Para uma pessoa comum que assiste aos telejornais e se escandaliza com os repetidos episódios de escândalos que estão acontecendo, e a tentadora e previsível impunidade, a grande pergunta que ele faz é por que somos assim, ou seja, que diabo deu errado em nossa estruturação como país?
Fazer essa indagação nos faz transmigrar para um terreno epistemológico que nos permitiria entender porque, por exemplo, Paulo Maluf não pode pôr os pés nos EUA e em outros 180 países do mundo, que será preso, mas aqui é candidato “ficha limpa” e consegue se livrar de todas as acusações que lhe são imputadas e ainda ser eleito deputado federal; por que vários condenados do mensalão e outros corruptos escarneiam das leis brasileiras, livrando-se dos, ou amenizando os efeitos da condenação imposta; ou por que faz tanto sentido a frase do ex-ministro do STF, Joaquim Barbosa, que foi pontual ao dizer que no Brasil: o rico não tem costume de comparecer à sala de um juiz.
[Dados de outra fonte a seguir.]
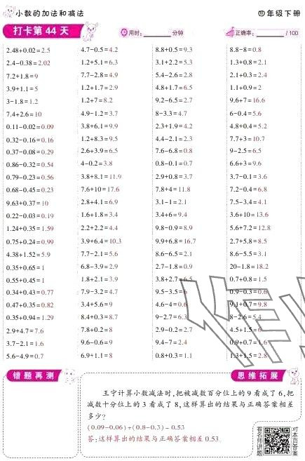 2024年口算题10000道四年级数学下册人教版
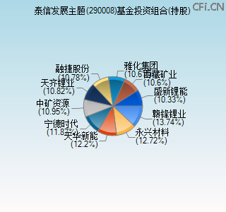 | | | 泰信发展主题(290008)基金投资组合(持股)>>详细 | | 截止日期 | 股票代码 | 股票名称 | 股票名称 | 数量(万股) | 持有市值(万元) | 占净值比 | | 2025-09-30 | 002460 | 赣锋锂业 | 2025-09-30 赣锋锂业 | 8.33 | 506.83 | 13.74% | | 2025-09-30 | 002756 | 永兴材料 | 2025-09-30 永兴材料 | 12.11 | 469.32 | 12.72% | | 2025-09-30 | 300390 | 天华新能 | 2025-09-30 天华新能 | 18.01 | 450.16 | 12.20% | | 2025-09-30 | 300750 | 宁德时代 | 2025-09-30 宁德时代 | 1.09 | 438.18 | 11.87% | | 2025-09-30 | 002738 | 中矿资源 | 2025-09-30 中矿资源 | 8.16 | 403.96 | 10.95% | | 2025-09-30 | 002466 | 天齐锂业 | 2025-09-30 天齐锂业 | 8.39 | 399.27 | 10.82% | | 2025-09-30 | 002192 | 融捷股份 | 2025-09-30 融捷股份 | 10.12 | 397.93 | 10.78% | | 2025-09-30 | 002497 | 雅化集团 | 2025-09-30 雅化集团 | 26.30 | 391.12 | 10.60% | | 2025-09-30 | 000762 | 西藏矿业 | 2025-09-30 西藏矿业 | 16.01 | 391.11 | 10.60% | | 2025-09-30 | 002240 | 盛新锂能 | 2025-09-30 盛新锂能 | 20.07 | 381.14 | 10.33% |
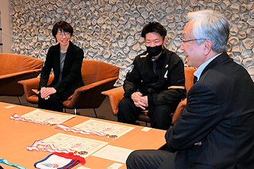 毛利さんは、「目標の大会で準優勝できた。今後はシニア以外の社会人大会にも積極的に参加したい」と話すと、磯田市長は「長く活躍できるよう怪我に気を付けてください。応援しています」と今後への期待を伝えました。
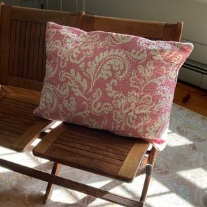 Quilted standard pillowcase sham. Zipper closure. Cream with a pink pattern on one side. Pink with cream pattern on the flip side.
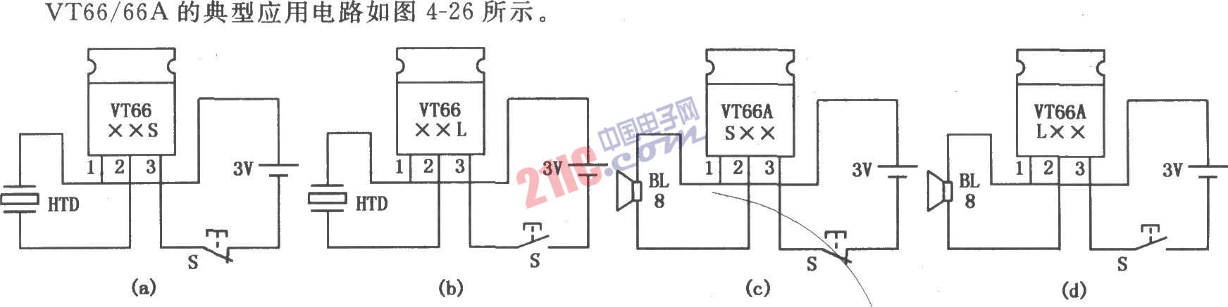 VT66/66A采用TO92形式封裝,其外形與塑封9013型晶體三極管酷似,且自身帶有一塊金屬散熱片,有3只引出腳,使用時(shí)與一般晶體三極管一樣方便,故也有人稱它為音樂三極管。如圖所示為其典型應(yīng)用電路。

Nesses tempos de Petrobras e obras da copa, o arremate de Barbosa faz um enorme sentido.
Imaginar que nos países ricos não haja os nossos fenomenais advogados, capazes de realizar saltos acrobáticos jurídicos, enchendo-se de palavras e retóricas para salvarem seus clientes, é, mais que pensar ingenuamente, é ser um autêntico ingênuo.
Imaginar que no Brasil o direito da pessoa humana é bem mais desenvolvido e consegue garantir o uso e a possessão do conceito de liberdade plena, diferente de países mais “avançados” economicamente, em que os presídios são visitados, sem levar em consideração o poder aquisitivo do hóspede, é, por demais, inocente.
Num país marcado pela extrema desigualdade social, signo bruto da terrível distribuição de renda, lançada e desenhada em enormes bolsões de misérias, eu não acredito que o Judiciário seja uma cápsula onde consiga isolar de maneira tão simplista, afastado da própria configuração social em que se insere, os direitos e garantias da Constituição Federal. Não é proposital que as garantias que ele busca proteger, sejam mais eficientes, quando possuam estreitas relações com a riqueza dos que as reivindicam.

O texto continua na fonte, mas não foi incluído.